Re: [DISCUSS] Support obtaining Hive delegation tokens when submitting application to Yarn

Posted by Rui Li <li...@gmail.com>.
Hi Jie,

Thanks for the investigation. I think we can first implement pluggable DT
providers, and add renewal abilities incrementally. I'm also curious where
Spark runs its HadoopDelegationTokenManager when renewal is enabled?
Because it seems HadoopDelegationTokenManager needs access to keytab to
create new tokens, does that mean it can only run on the client side?

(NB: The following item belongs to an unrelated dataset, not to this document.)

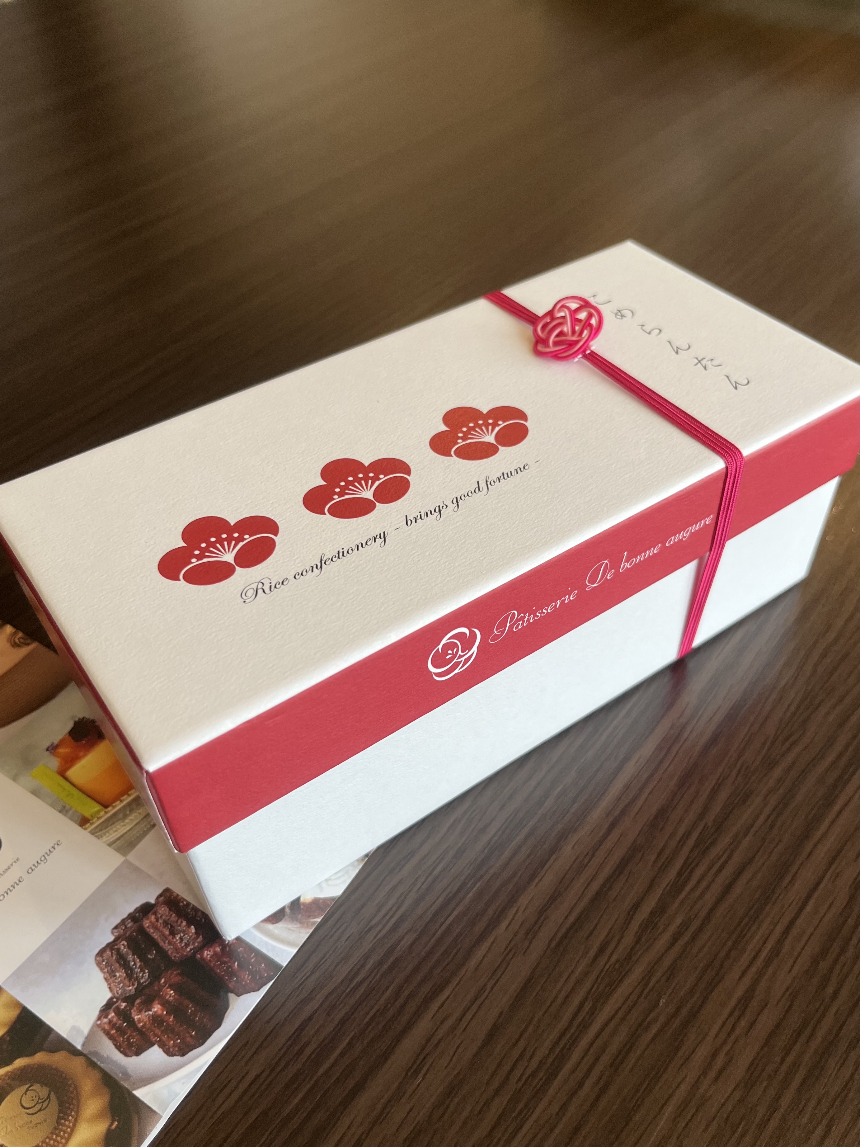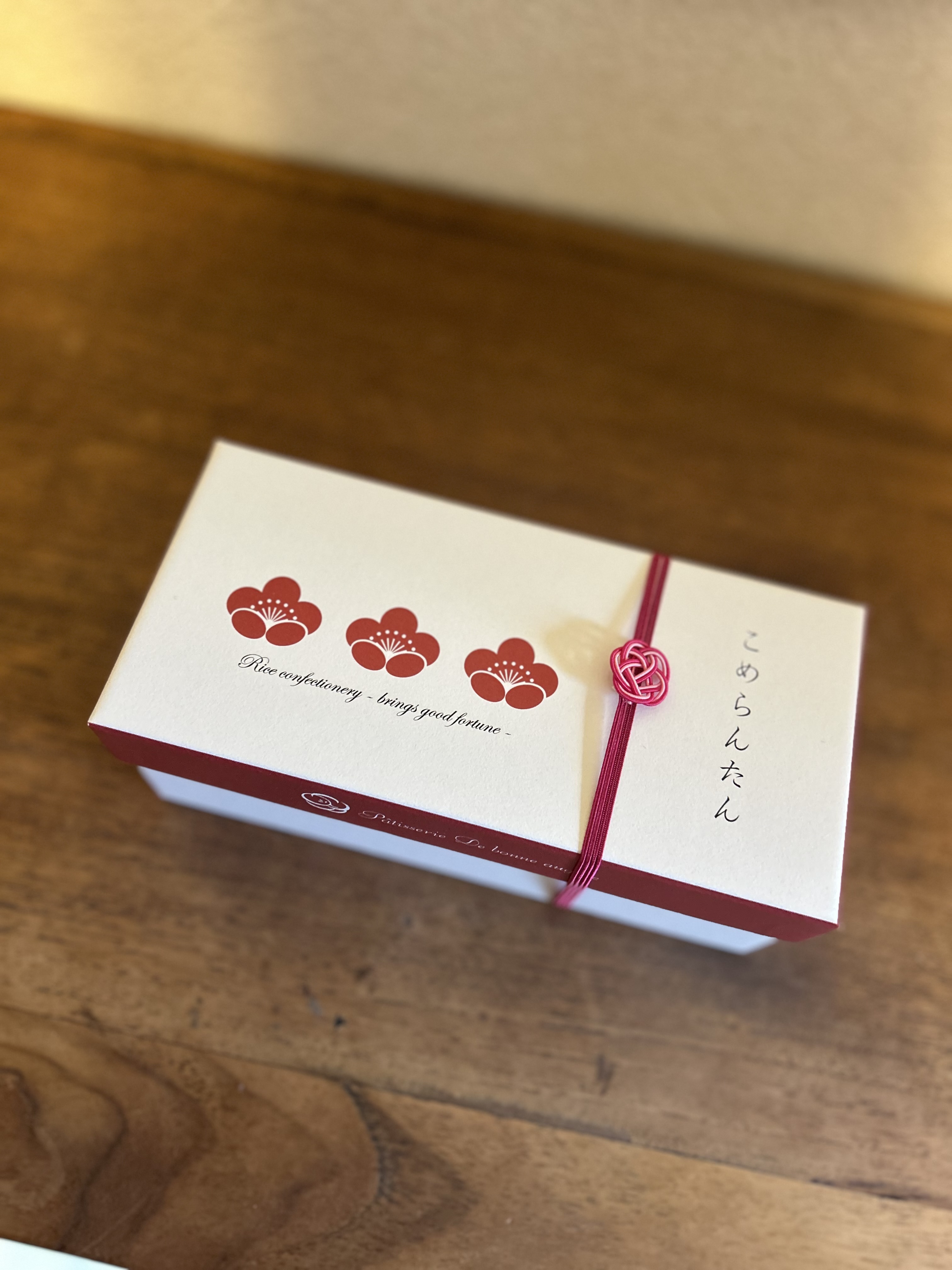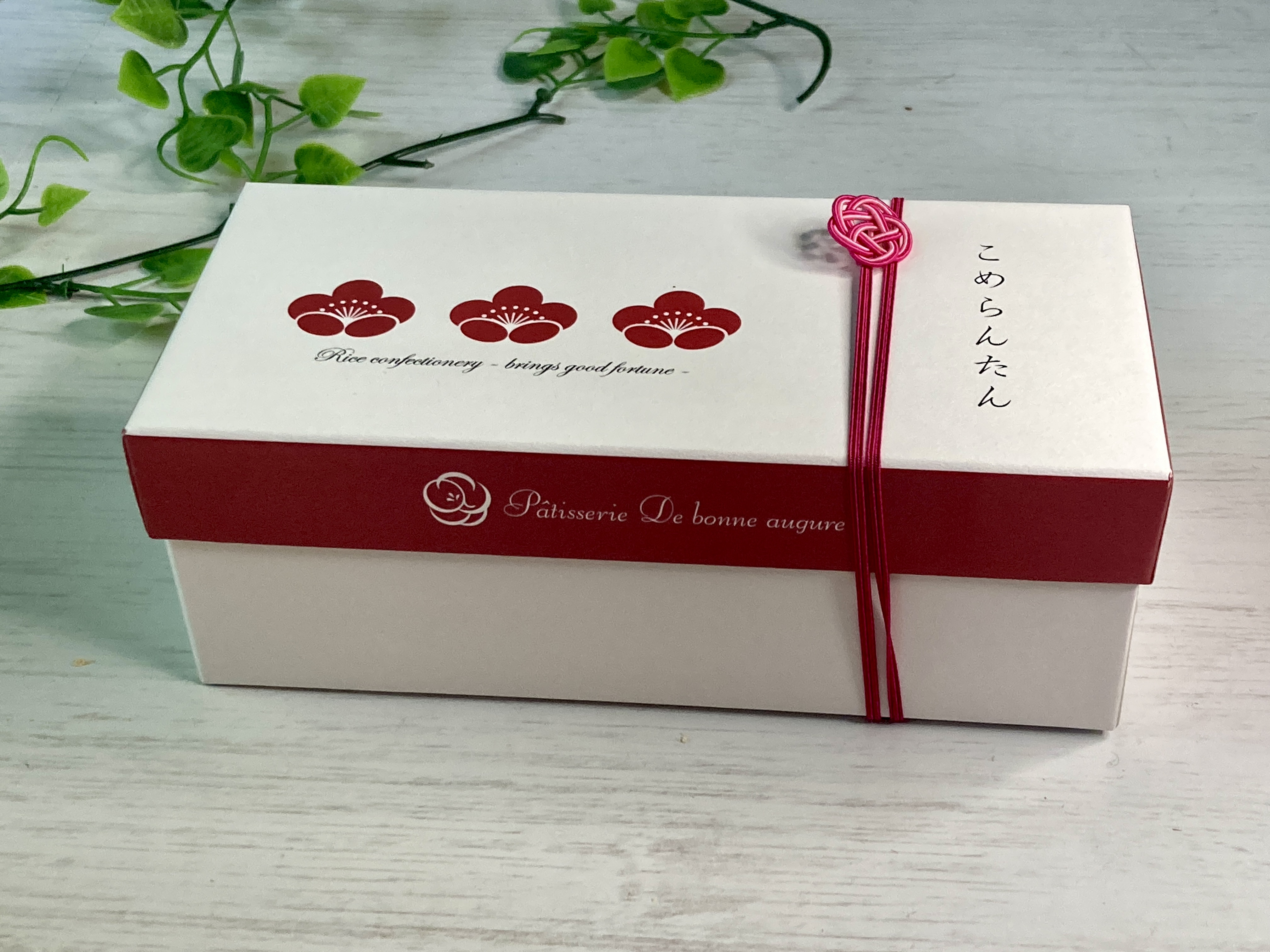 オリジナルのギフトボックスも可愛い梅のデザインで、お土産やギフトにもぴったりの菓子折りです。

On Mon, Jan 25, 2021 at 10:32 AM 王 杰 <ja...@outlook.com> wrote:

> Hi Till,
>
> Sorry for late response, I just did some investigations about Spark. Spark
> adopted the SPI way to obtain delegations for different components. It has
> a HadoopDelegationTokenManager.scala<
> https://github.com/apache/spark/blob/master/core/src/main/scala/org/apache/spark/deploy/security/HadoopDelegationTokenManager.scala>
> to manage all Hadoop delegation tokens including obtaining and renewing the
> delegation tokens.
>
> When the HadoopDelegationTokenManager is initializing, it will use
> ServiceLoader to load all HadoopDelegationTokenProviders in different
> connectors. As for Hive, the provider implementation is
> HadoopDelegationTokenProvider<
> https://github.com/apache/spark/blob/master/core/src/main/scala/org/apache/spark/deploy/security/HadoopDelegationTokenManager.scala
> >.
>
> Thanks,
> Jie
>
>
> On 2021/01/13 08:51:29, Till Rohrmann <trohrmann@apache.org<mailto:
> trohrmann@apache.org>> wrote:
> > Hi Jie Wang,
> >
> > thanks for starting this discussion. To me the SPI approach sounds better
> > because it is not as brittle as using reflection. Concerning the
> > configuration, we could think about introducing some Hive specific
> > configuration options which allow us to specify these paths. How are
> other
> > projects which integrate with Hive are solving this problem?
> >
> > Cheers,
> > Till
> >
> > On Tue, Jan 12, 2021 at 4:13 PM 王 杰 <jackwangcs@outlook.com<mailto:
> jackwangcs@outlook.com>> wrote:
> >
> > > Hi everyone,
> > >
> > > Currently, Hive delegation token is not obtained when Flink submits the
> > > application in Yarn mode using kinit way. The ticket is
> > > https://issues.apache.org/jira/browse/FLINK-20714. I'd like to start a
> > > discussion about how to support this feature.
> > >
> > > Maybe we have two options:
> > > 1. Using a reflection way to construct a Hive client to obtain the
> token,
> > > just same as the org.apache.flink.yarn.Utils.obtainTokenForHBase
> > > implementation.
> > > 2. Introduce a pluggable delegation provider via SPI. Delegation
> provider
> > > could be placed in connector related code, so reflection is not needed
> and
> > > is more extendable.
> > >
> > >
> > >
> > > Both options have to handle how to specify the HiveConf to use. In Hive
> > > connector, user could specify both hiveConfDir and hadoopConfDir when
> > > creating HiveCatalog. The hadoopConfDir may not the same as the Hadoop
> > > configuration in HadoopModule.
> > >
> > > Looking forward to your suggestions.
> > >
> > > --
> > > Best regards!
> > > Jie Wang
> > >
> > >
> >
>


-- 
Best regards!
Rui Li